About the web archives for historical research group

Our project

a link visualization of a million links from the CommonCrawlBig Data is reshaping the historical profession and society in ways we are only now beginning to grasp. Tremendous new opportunities are opening up for social and cultural historians. Large web archives contain billions of webpages, from personal homepages to professional or academic websites, offering the ability to reconstruct large-scale aspects of the recent past. Yet the sheer size of these primary sources presents significant challenges: if the norm until the digital era was to have human information vanish, “now expectations have inverted. Everything may be recorded and preserved, at least potentially” (as James Gleick noted in his 2012 book, The Information: A History, a Theory, a Flood). Useful historical information is being preserved at a rate that continues to accelerate. IBM Research, for example, notes that “every day, we create 2.5 quintillion bytes of data — so much that 90% of the data in the world today has been created in the last two years alone” (“IBM - What Is Big Data?” 2014).

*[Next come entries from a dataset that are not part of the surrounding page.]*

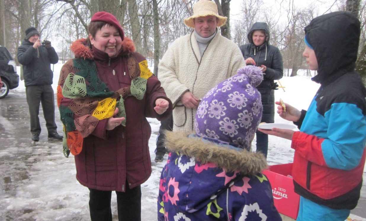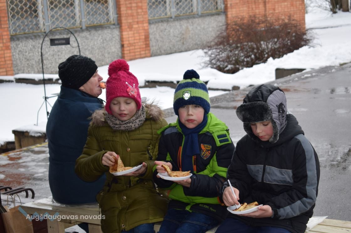 Kad meteņbērni bija veiksmīgi spēkojušies, visi varēja mieloties ar Līksnas pagasta aktīvo sieviešu apvienības “Saules taka” sarūpētajām pankūkām, zirņiem un tēju.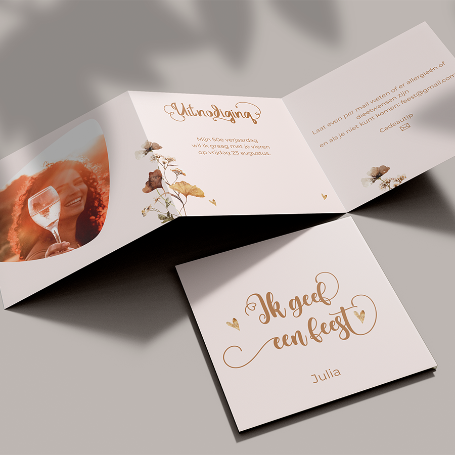 Hippe uitnodiging verjaardag vrouw 50 jaar in drieluik. Met ruimte voor 1 of 2 keer een eigen foto en droogbloemen in warme aardetinten. (23723) Deze kaart kan ook zonder fotokader en de kleur kan naar wens aangepast worden. Heb je hier hulp bij nodig? Neem contact op.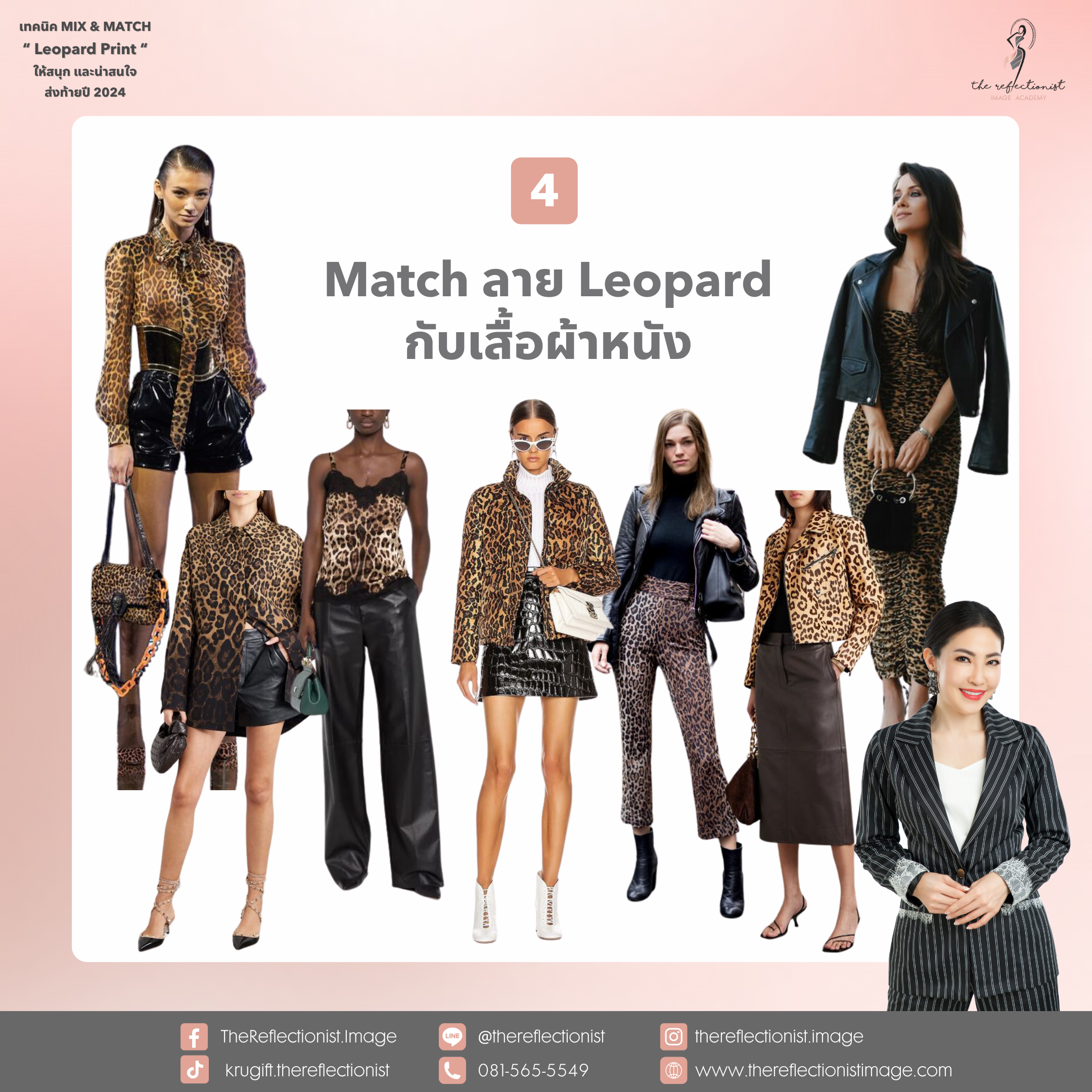 การจับคู่ลาย Leopard กับเสื้อผ้าหนัง จะให้คุณ Finish Look ออกมาแล้วที่ดูเท่ มีความมั่นใจ ดูโดดเด่น และมีสไตล์ ไม่ดู Feminine หรือเซ็กซี่มากเกินไป เป็นการผสมผสานสไตล์ให้มีมิติที่น่าสนใจมากยิ่งขึ้น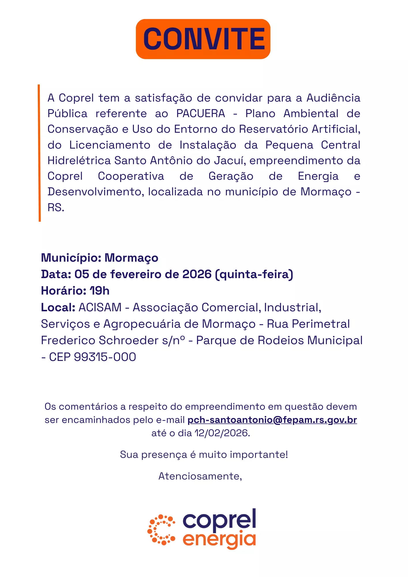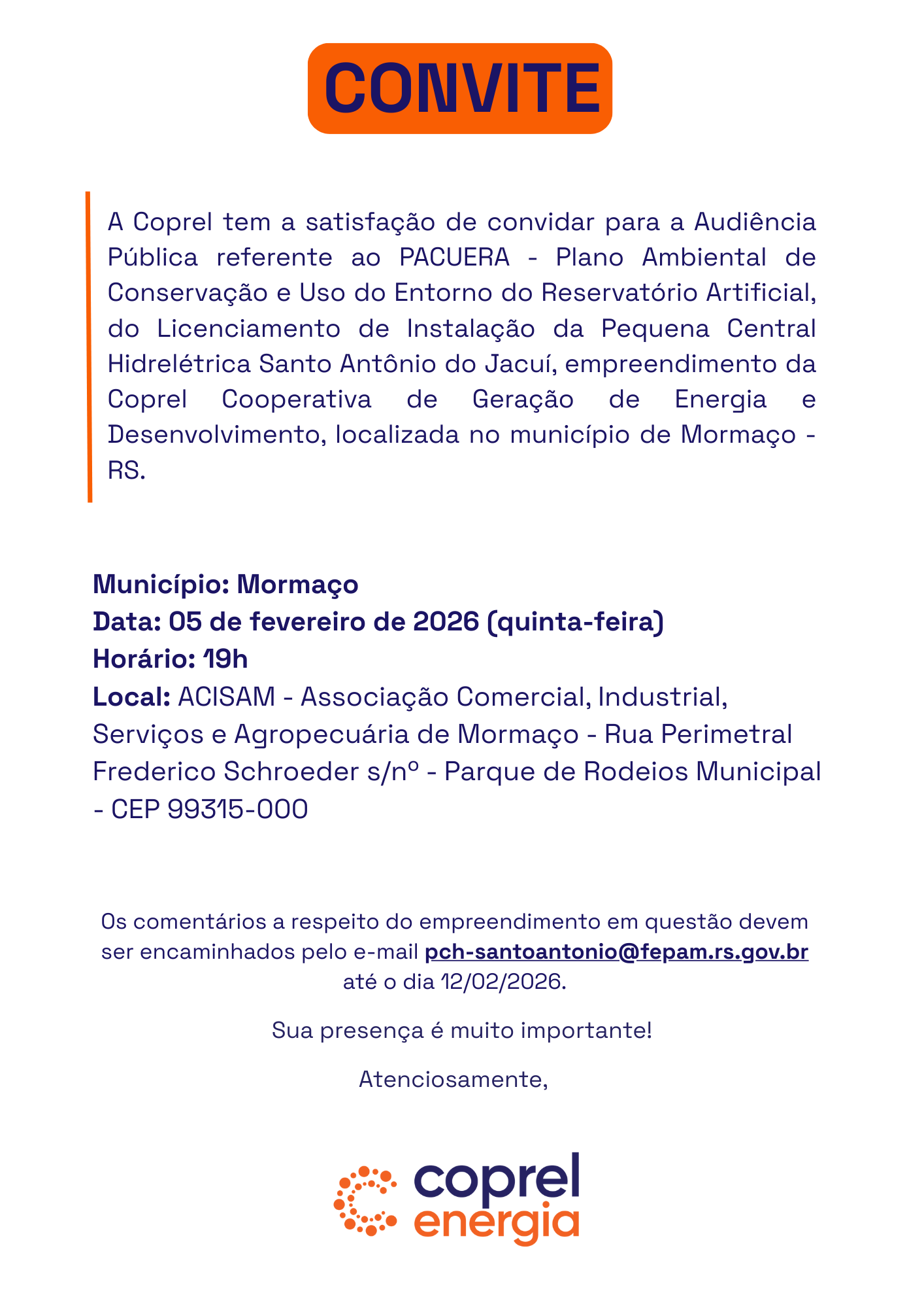 Os comentários a respeito do empreendimento em questão devem ser encaminhados pelo e-mail pch-santoantonio@fepam.rs.gov.br até o dia 12/02/2026.

This project fits into that context by drawing on the large web archives held by the Internet Archive.

The Web Archives for Historical Research (WAHR) group's goal

Beyond providing people with the ability to track temporal change within web archives, and to train students in this emerging area, the research has several purposes. 

  • Raising public awareness about the utility of web archives. We aim to firmly demonstrate that the Web is a serious historical resource.
  • Engage with new media as historians, and experiment with new forms of knowledge dissemination (for historians, at least).
  • Provide public outreach through partnering with a local secondary institution to raise awareness about digital records and memory.

This project is among the first attempts to harness data in ways that will enable present and future historians to usefully access, interpret, and curate the masses of born-digital primary sources that document our recent past.